If many threads need to count work, let each thread count locally, then merge once.

```zig
const std = @import("std");

const State = struct {
    mutex: std.Thread.Mutex = .{},
    total: u64 = 0,

    fn add(self: *State, n: u64) void {
        self.mutex.lock();
        defer self.mutex.unlock();

        self.total += n;
    }
};

fn worker(state: *State) void {
    var local: u64 = 0;

    var i: u64 = 0;
    while (i < 1000000) : (i += 1) {
        local += 1;
    }

    state.add(local);
}

pub fn main() !void {
    var state = State{};

    const a = try std.Thread.spawn(.{}, worker, .{&state});
    const b = try std.Thread.spawn(.{}, worker, .{&state});

    a.join();
    b.join();

    std.debug.print("total = {d}\n", .{state.total});
}
```

This program locks only twice.

That is better than locking two million times.

Avoid sharing when message passing is enough.

A worker can receive a job, produce a result, and send the result back.

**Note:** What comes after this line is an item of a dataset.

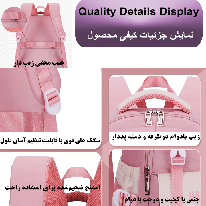 جنس مقاوم و دوخت محکم این محصول باعث میشود در برابر استفاده روزانه و فشار ناشی از حمل کتابها دوام بالایی داشته باشد. طراحی بندهای ارگونومیک نیز به کاهش فشار روی شانهها کمک میکند و حمل طولانیمدت را راحتتر میسازد.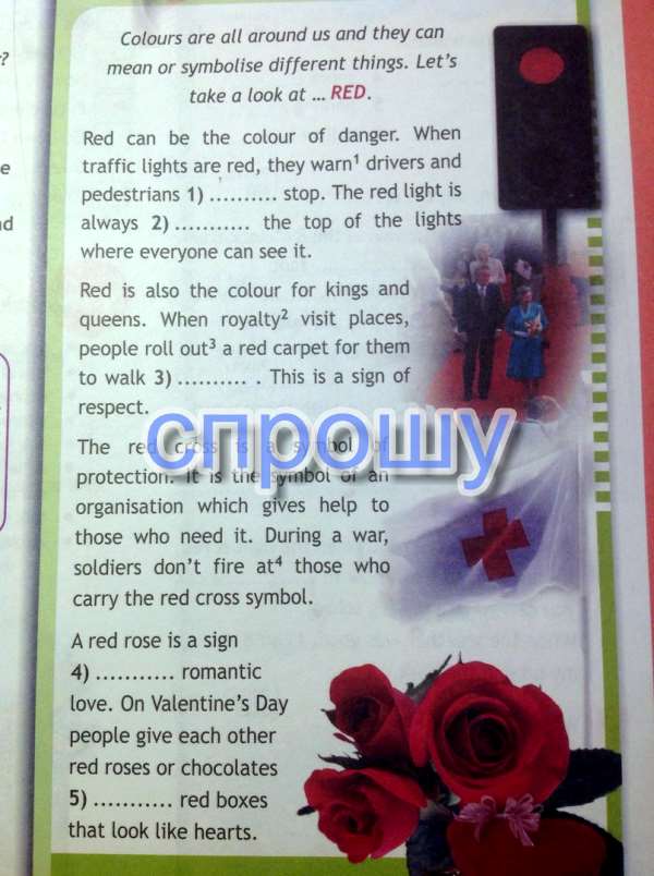 Красный может быть цвет опасности. Когда светофор красный, они предупреждают водителей и пешеходов 1) остановки. Красный свет всегда 2) ........... верх огней, где каждый может увидеть его. Красный цвет также цвет для королей и королев. Когда royalty2 посещать места, люди катиться out3 красный ковер для них, чтобы ходить 3) .......... Это знак уважения красного креста является символом защиты. Это символ организации, которая оказывает помощь тем, кто в ней нуждается. Во время войны, солдаты не стрелять в тех, кто носит красный крест символ. Красная роза знак 4) ........... романтическая любовь. На День святого Валентина люди дарят друг другу красные розы или шоколад 5) ........... красные коробки, которые выглядят как сердца.

It does not need to see the whole program state.

This shape is easier to reason about:

```text
main thread -> jobs -> workers -> results -> main thread
```

The worker owns the job while processing it.

The main thread owns the result after receiving it.

Ownership moves. Shared mutation is reduced.

Be careful with pointer lifetimes.

This is dangerous:

```zig
fn startThread() !std.Thread {
    var value: u32 = 42;
    return try std.Thread.spawn(.{}, worker, .{&value});
}
```

`value` is local to `startThread`. After the function returns, the pointer is no longer valid. The worker may read invalid memory.

The data passed to a thread must live until the thread finishes.

This is safe:

```zig
pub fn main() !void {
    var value: u32 = 42;

    const thread = try std.Thread.spawn(.{}, worker, .{&value});
    thread.join();
}
```

The thread is joined before `value` goes out of scope.

For long-running threads, store shared state in an object whose lifetime is clearly longer than the threads using it.

Do not use sleeps for correctness.

This is wrong:

```zig
std.Thread.sleep(1000000);
// assume worker is ready
```

A sleep guesses timing. Timing changes across machines, loads, and operating systems.

Use synchronization:

```zig
while (!state.ready) {
    state.condition.wait(&state.mutex);
}
```

A correct concurrent program should work even when the scheduler chooses the worst possible interleaving.

Good concurrent Zig programs have a few visible rules:

- mutable state has an owner
- shared state has a lock
- locks protect data, not arbitrary code
- waits use conditions, semaphores, or joins
- threads are joined or intentionally detached
- pointer lifetimes are explicit
- slow work happens outside critical sections

Concurrency is not made safe by using one primitive everywhere. It is made safe by keeping ownership simple.

Exercise 18-31. Rewrite a global shared-state program so the lock and data are fields of one struct.

Exercise 18-32. Move expensive work outside a locked section.

Exercise 18-33. Write a worker that counts locally and merges once at the end.

Exercise 18-34. Find a program that uses `sleep` for ordering. Replace the sleep with a condition variable.